Le 26 août, les troupes allemandes entrent dans Philippeville et apportent leur soutien à l’œuvre de charité entreprise par les sœurs. Le médecin major est félicité par le général allemand, mais cela n’empêchera pas son envoi en captivité en janvier 1915.
Le 12 janvier 1915, l’ambulance de Philippeville est fermée.

Ecole ND en 1914. Philippeville.

Ecole ND en 1914. Philippeville.

Célébration du dimanche 24 août au cimetière militaire de Tarciennes

Le dimanche 24 août 2014, une célébration du souvenir y a été organisée . Le cimetière rassemble les tombes de 600 militaires français, allemands et russes tombés lors de la bataille de Charleroi. La paroisse de Tarciennes avec la collaboration de l’abbé Hubert Jeanjean y a organisé une célébration du souvenir dans le cadre de ce cimetière.
Un cortège, emmené par la fanfare royale Saint-Eloi de Laneffe, s’est formé au départ de la N5. Toutes les chorales paroissiales rassemblées en un superbe chœur accompagnaient la célébration de manière très émouvante.

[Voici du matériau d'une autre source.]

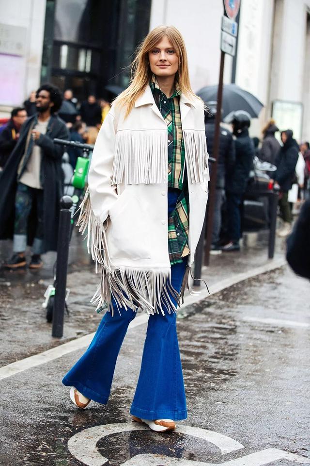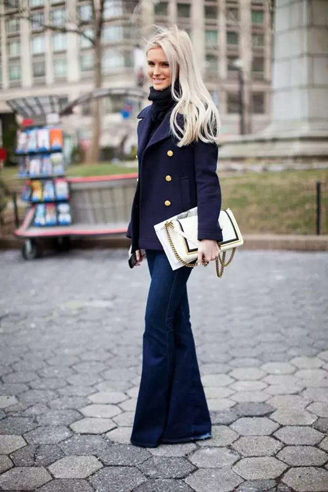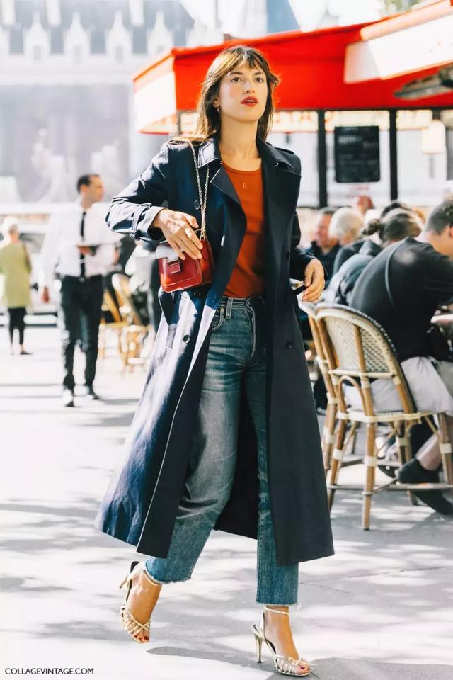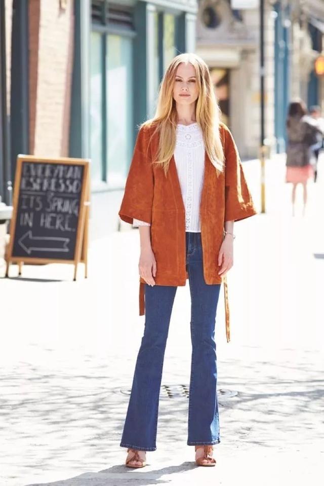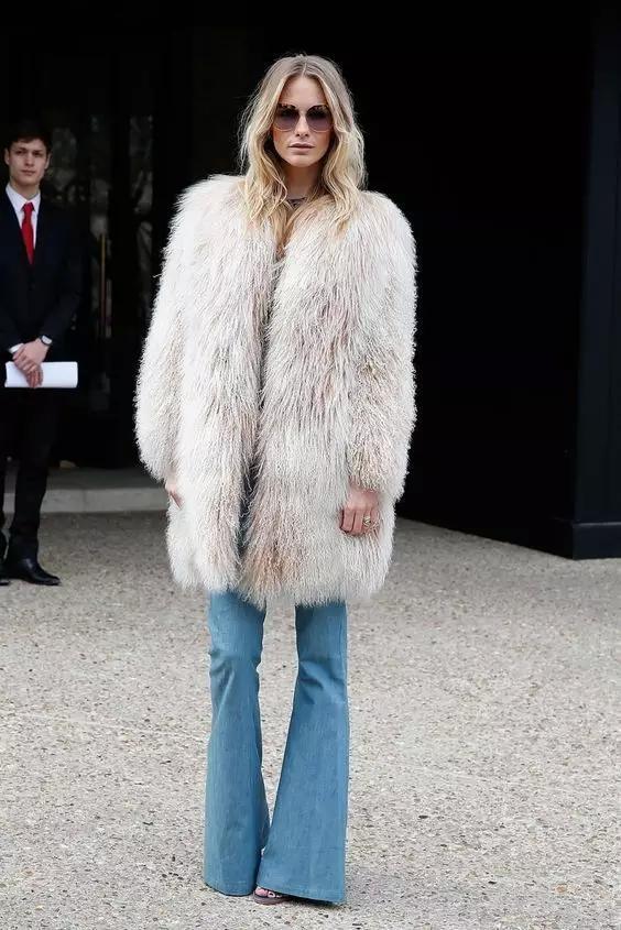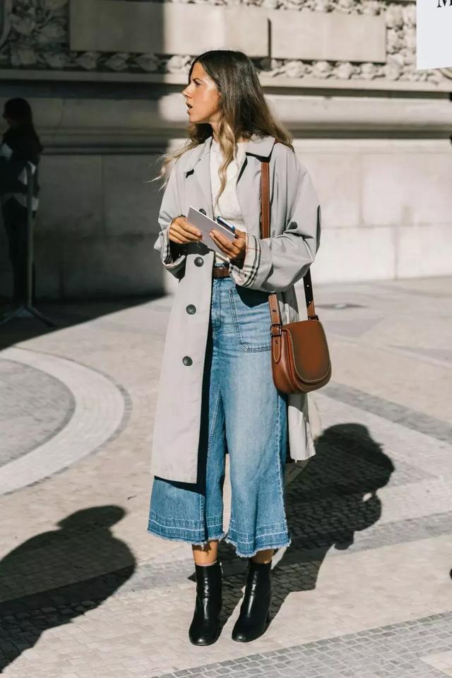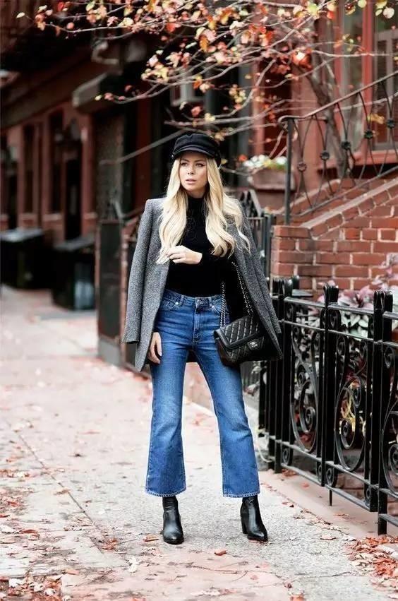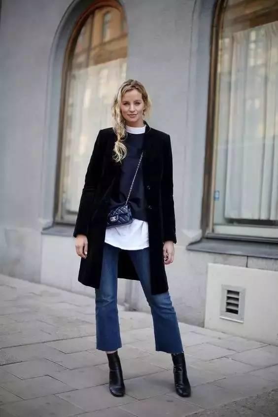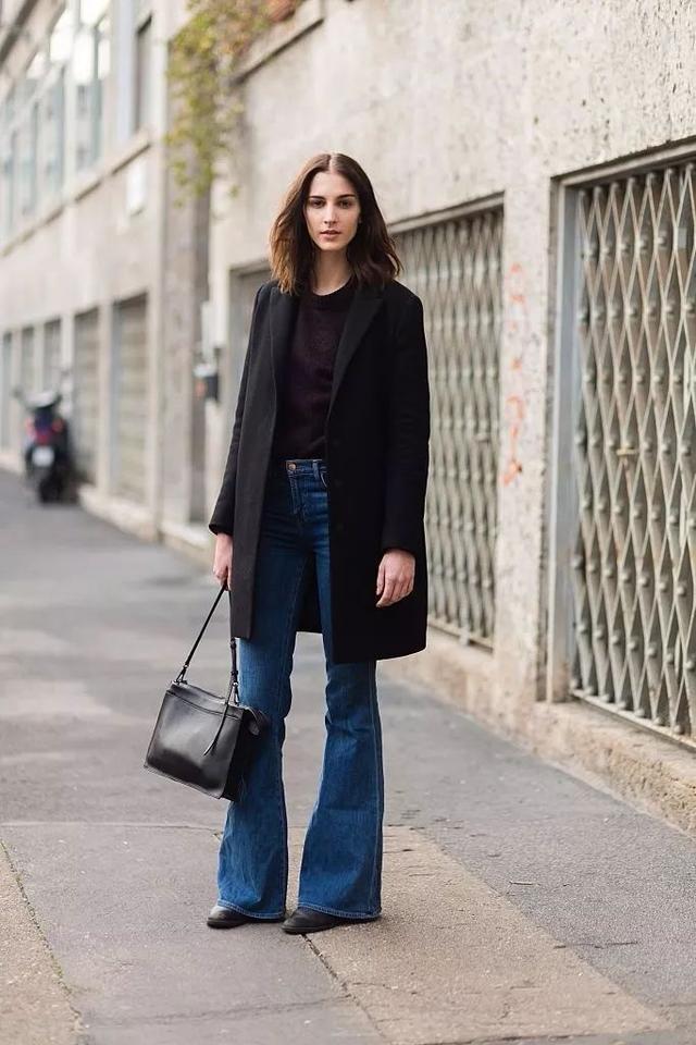 牛仔喇叭褲搭配大衣復古年代感巨顯,尤其是立馬讓腿長了5cm!這個時候褲底的喇叭造型設計越明顯越帶感,微喇就要遜色就很多了!
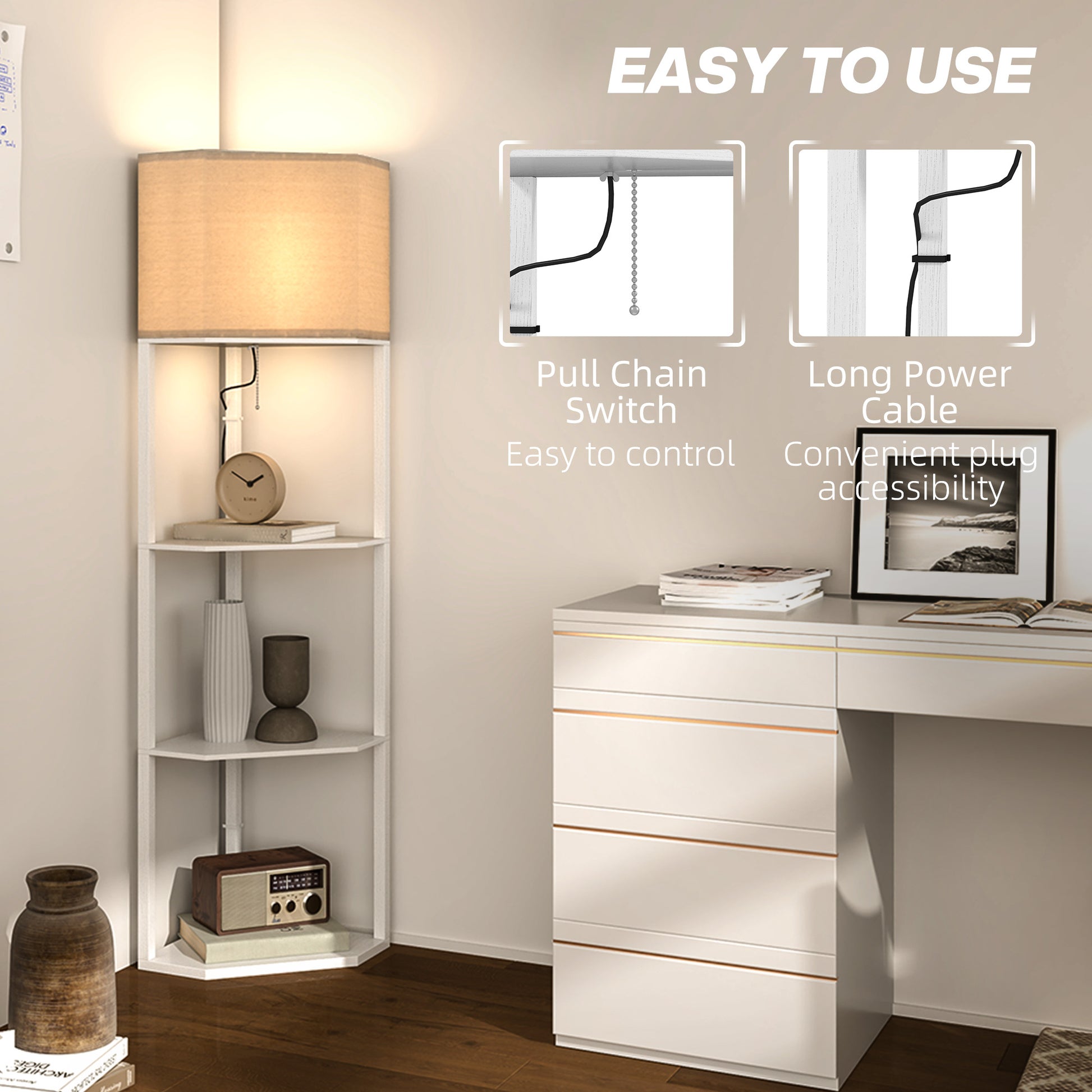 2-in-1 for the home: this shelf floor lamp, . Combines three shelves and top light - in a triangle design to neatly slot into corners. The top light is easy to operate - pull the chain to turn on/off. Its fabric shade omits a soft glow for a welcoming atmosphere. Three shelves give you plenty of storage room. Now you just need to decide where to put it...Specifications
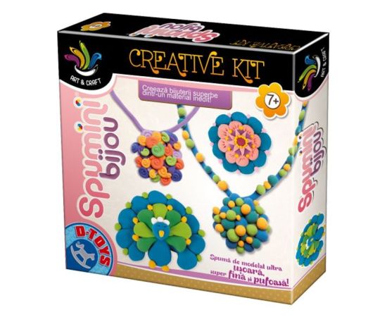 Creeaza bijuterii deosebite dintr-un material inedit! Margelele, florile si componentele obtinute din spuma se lipesc intre ele printr-o singura atingere, astfel poti realiza modele complexe. Setul include aprox. 2 metri de fir elastic transparent si suficienta spuma de modelat pentru a realiza cel putin un colier, o bratara si un inel sau mai multe variante ale acestora.
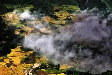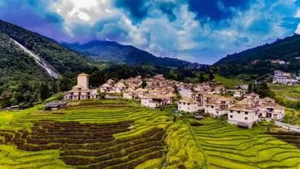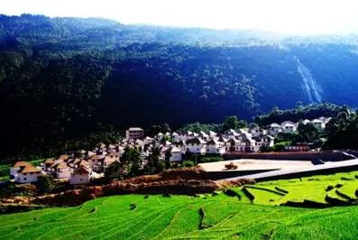 与滮水岩瀑布仅仅一步之遥的风景,就是滮水岩村。滮水岩的太阳比鸟儿起的还早。勤劳的太阳用嫩绿色,从五台山顶一坡的涂下来。一不小心,就碰到了山腰林中的寨子和满寨子的亲戚朋友。进了寨子的阳光,在蘑菇房上与袅袅的炊烟亲切交谈。动情处,炊烟好像乱了方寸,上升的步子更加婀娜。生长在汪汪水田边的那朵朵蘑菇房的墙壁,被阳光悄悄的涂成了嫩黄色。柴栅“咕”地开了,一群白羽鸭子昂首扇翅,嘎嘎的夺出门,扑入田水中。一个穿着藏青色服饰,头戴三角黑帕的少妇,左手掖了一只筲箕,筲箕中盛了嫩绿的苤菜,右手持了一根小竹竿亮出门来。阳光在她的脸上闪动出一个笑靥……一个背着大书包的少年,迎着太阳出门。手里摊着一坨用绿色芭蕉叶包着的黄色糯米饭团,掰了一小坨放进嘴巴,嚼着,朝了村头飘着的五星红旗而去……
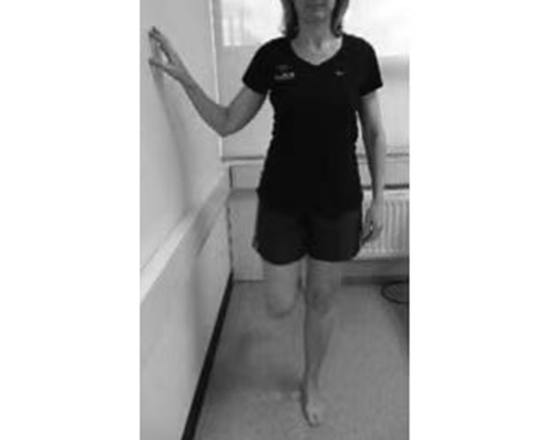 受试者站在墙边,健侧靠近墙、患侧远离墙,健侧的手伸到与肩齐高的位置扶着墙以保持身体的平衡,然后将健侧下肢抬起,使骨盆保持中立,膝关节屈曲至90°,在这个位置保持30s。阳性结果是患者在这30s内再次出现患侧髋关节外侧疼痛。
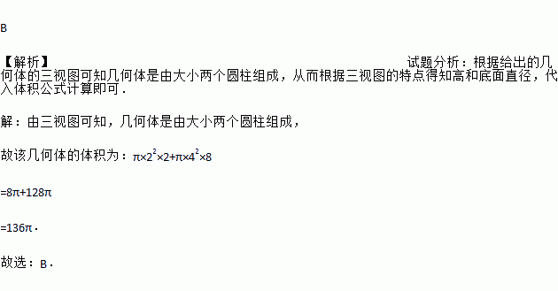 如图是某几何体的三视图,根据图中所标的数据求得该几何体的体积为( )
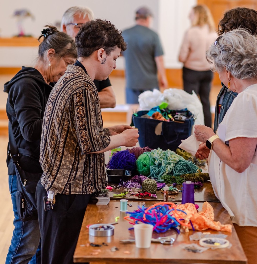 Activité de médiation culturelle en sortie de résidence à Vrille art actuel où le public était invité à créer de la végétation en textiles afin d’agrémenter les montagnes | Crédit photo : Audrey Mainguy
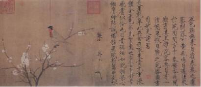 宋徽宗将画上的题款引领成常例,更使其成为画作上应有的一个内容。如《芙蓉锦鸡图》和《腊梅山禽图》两幅画上,都题有五言绝句诗一首,并题“宣和殿御制并书”一行。至于比较有名的《杏花鹦鹉图》上,在画前提上的诗序占据了画面的一半。
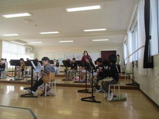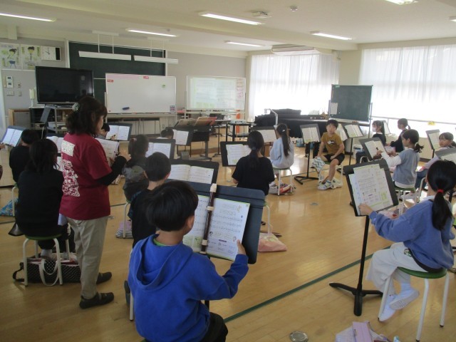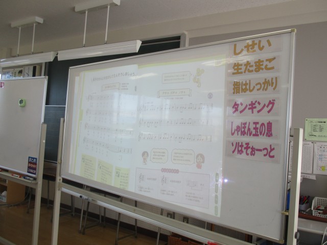 3年生は、リコーダーで「あの雲のように」を演奏していました。ホワイトボードに書かれた「しゃぼん玉の息」などのポイントを意識して、やさしくきれいな音色を響かせていました。
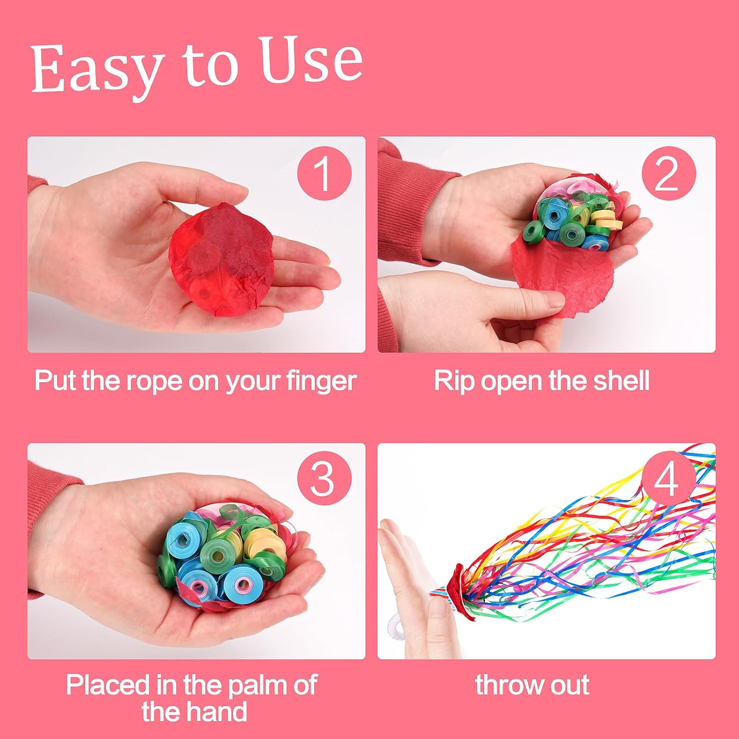 - How to use - Put the looped handle above the ribbons on your finger, then tear the wrapping paper at the bottom and throw them at a forward and upward angle, the more ribbons you throw at the same time the better the result. You can achieve a shocking effect and an instant lift in atmosphere
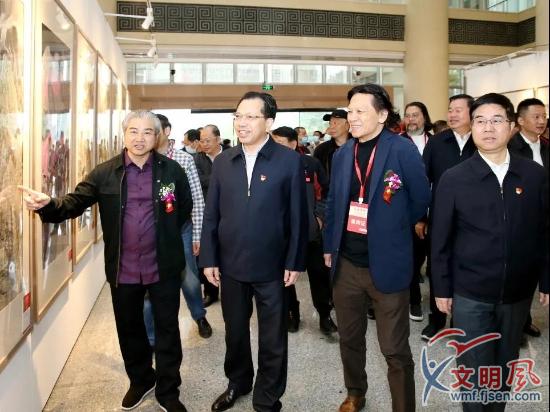 漳州市領(lǐng)導(dǎo)邵玉龍、劉遠(yuǎn)、阮開森、張琳光、劉偉澤、方木榮、林曉東、楊勝華,市法院院長羅雄、市檢察院檢察長黃秀強(qiáng),著名書畫家王來文、滿維起,市直有關(guān)部門負(fù)責(zé)人等參加開幕式。市委書記邵玉龍宣布書畫展開幕,市委副書記、政法委書記阮開森及書畫家代表王來文、滿維起在開幕式上致辭,羅雄主持開幕式。
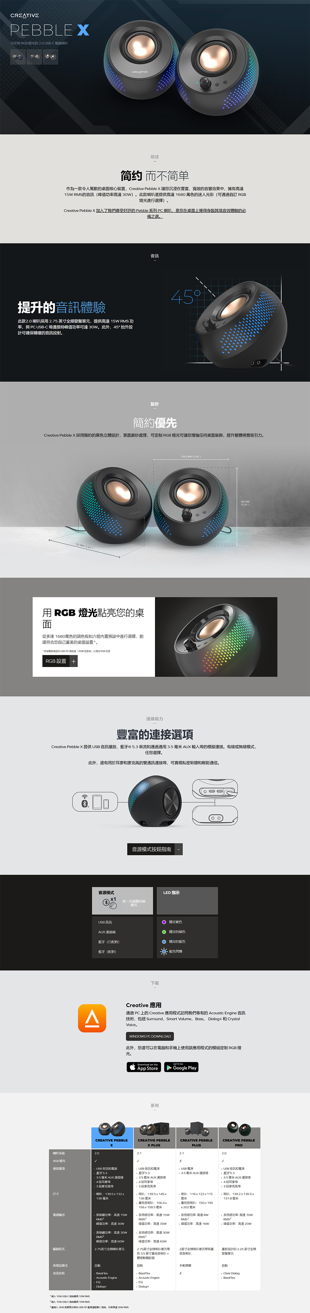 作為一款令人驚歎的桌面核心裝置,Creative Pebble X 讓您沉浸在豐富、寬敞的音響效果中,擁有高達 15W RMS的音訊峰值功率高達 30W。
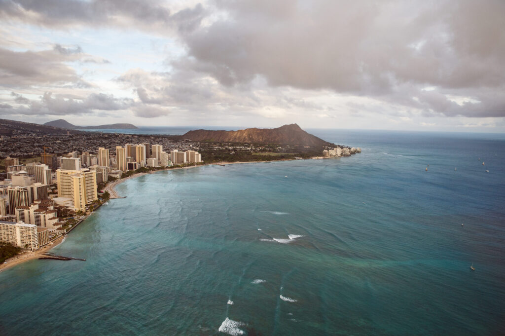 フライトはホノルルを拠点に出発し、ワイキキビーチやダイヤモンドヘッドなど、オアフ島を代表する美しい景観を上空からご覧いただけます。海岸線のコントラストや島のダイナミックな地形を、ヘリコプターならではの視点で体感できます。
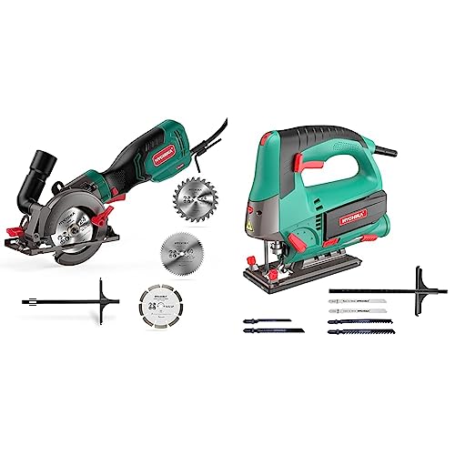 HYCHIKA BETTER TOOLS FOR BETTER LIFE Scie Circulaire 750W 3500RPM, 3 Lames(115 & 125mm), Profondeur de Coupe 48mm(90°), 32mm(45°), Idéal pour Couper du Bois, Carrelage, Métal Mou

L’ADMINISTRATION COMMUNALE DE Walcourt participait, représentée par la députée-bourgmestre Christine Poulin, la présidente du CPAS Maryse Robert, le conseiller communal Jean Luc Liessens et l’échevin Marc Preyat.

Lors de son homélie l’abbé Jeanjean souligne que ce cimetière était un lieu de calme, de prières et de méditation sur les événements actuels. Des soldats de trois confessions sont unis dans la mort : des catholiques, des protestants et des musulmans. Il a rappelé que ce 24 août était aussi la fête de Saint Barthélémy. Fin du 16eme siècle, à Paris, des catholiques ont massacré des protestants. C’est ce qu’on a
appelé le massacre de la Saint-Barthélemy. Comme on peut le constater, l’origine des conflits est souvent la recherche du pouvoir et/ou la religion. Il poursuit : «Je vous invite donc aujourd’hui à vous demander, chacun et chacune, comment vous pouvez à votre niveau enrayer cette montée de la
violence car la guerre existe toujours dans certaines parties du monde».

La cérémonie s’est terminée par l’interprétation des hymnes belge, français, allemand et russe.
Les enfants firent un lâcher de ballons devant les panneaux didactiques installés à l’entrée du cimetière alors que la fanfare interprétait l’hymne européen. Le verre de l’amitié a rassemblé tous les participants à cette belle manifestation que l’on espère récurrente dans les prochaines années.